Test:GED Language Arts (RLA)

Adapted from “A Defense of Slang” inThe Romance of the Commonplaceby Gelett Burgess (1902)

Could Shakespeare come to Chicago and listen curiously to "the man in the street," he would find himself more at home than in London. In the mouths of messenger boys and clerks he would find the English language used with all the freedom of unexpected metaphor and the plastic, suggestive diction that was the privilege of the Elizabethan dramatists; he would say, no doubt, that he had found a nation of poets. There was hardly any such thing as slang in his day, for no graphic trope was too virile or uncommon for acceptance, if its meaning were patent. His own heroes often spoke what corresponds to the slang of today.

The word, indeed, needs precise definition, before we condemn all unconventional talk with vigor. Slang has been called "poetry in the rough," and it is not all coarse or vulgar. There is a prosaic as well as a poetic license. The man in the street calls a charming girl, for instance, a "daisy." Surely this is not inelegant, and such a reference will be understood a century from now.
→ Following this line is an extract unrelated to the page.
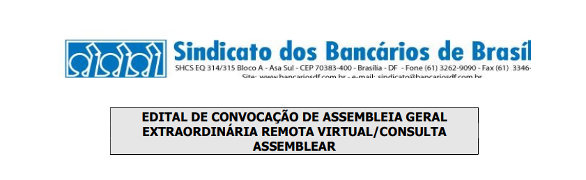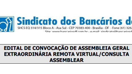 A assembleia terá início às 18h30 em primeira convocação, ou às 19h, em segunda e última convocação. Para participar, os bancários poderão acessar link que será disponibilizado aqui. Já a votação se dará por meio do link https://bancariosdf.votabem.com.br/.
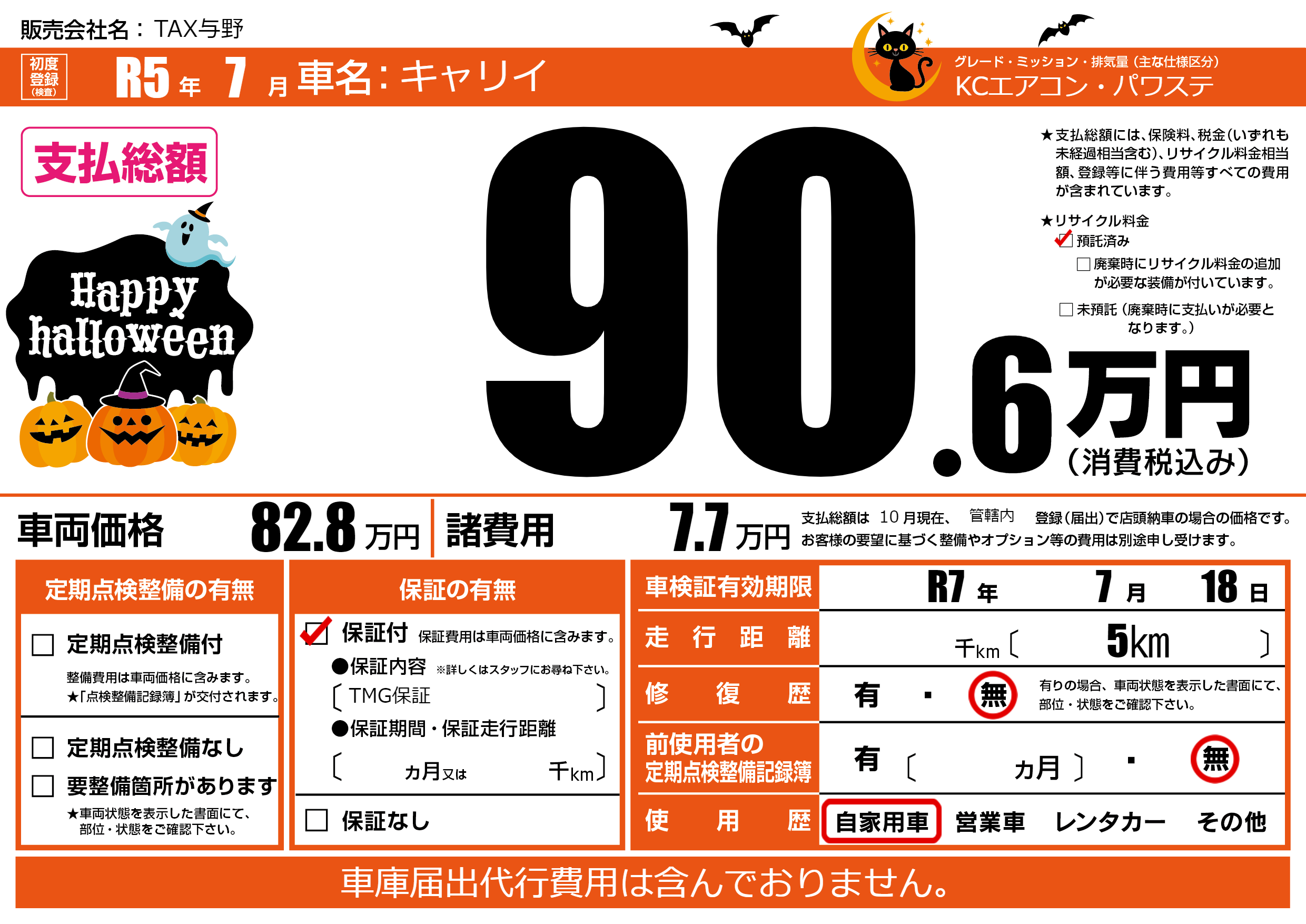 | 走行キロ | - | 初年度登録 | R5年7月 |

Slang, to prove adjuvant to our speech, which is growing more and more rigid and conventional, should be terse; it should make for force and clarity, without any sacrifice of beauty.

1.

Why does the author believe there was no slang in Shakespeare’s time?

Even strong, offensive, and unusual language was widely accepted and understood.

English dramatists refused to employ slang in their work.

There were too few laboring classes from which slang could be drawn.

Slang was considered too vulgar and its usage was discouraged by Queen Elizabeth I.

The people of Elizabethan England were too serious for such prosaic creativity.